Cymbria Corporation Announces Normal Course Issuer Bid
TORONTO, May 11 /CNW/ - Cymbria Corporation (TSX: CYB)("Cymbria" or "the Company") announced today that it has filed a notice with the Toronto Stock Exchange and received its approval to make a Normal Course Issuer Bid ("NCIB") permitting the Company to purchase for cancellation up to 10% of the public float of non-voting, non-redeemable class A shares ("Shares"), or 1,416,074 Shares.
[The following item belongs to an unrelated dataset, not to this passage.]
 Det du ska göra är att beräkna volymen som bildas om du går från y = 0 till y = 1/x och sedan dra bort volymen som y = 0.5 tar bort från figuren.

Cymbria has 14,283,298 Shares issued and outstanding as at May 10, 2010.
Cymbria may buy back Shares anytime during the 12-month period beginning on May 13, 2010 and ending on May 12, 2011. Any purchases under the NCIB will be made through the facilities of the Toronto Stock Exchange.
In accordance with the rules of the Toronto Stock Exchange, the maximum number of Shares that can be purchased by the Company during a 30 day period is 283,214 Shares, subject to certain exceptions of the TSX.
The Company is implementing the NCIB in advance of circumstances where, in the opinion of the Board of Directors, the value of the Company is greater than the present aggregate market price of the Shares and accordingly, the acquisition of Shares under the NCIB represents an appropriate use of funds. The Company did not make any purchases under the current NCIB in the past 12 months.
ABOUT CYMBRIA CORPORATION
Cymbria Corporation is a non-redeemable investment fund with an investment objective to provide shareholders with long-term capital appreciation through an actively managed portfolio comprised primarily of global equity securities and an investment in EdgePoint Wealth Management Inc. Cymbria began trading on the TSX on November 4, 2008 under the symbol CYB.
FORWARD-LOOKING STATEMENTS
This news release may contain forward-looking statements that are based on current expectations and are subject to known and unknown uncertainties and risks, which could cause actual results to differ materially from those contemplated or implied by such forward-looking statements. Cymbria is under no obligation to update any forward-looking statements contained herein should material facts change due to new information, future events or otherwise.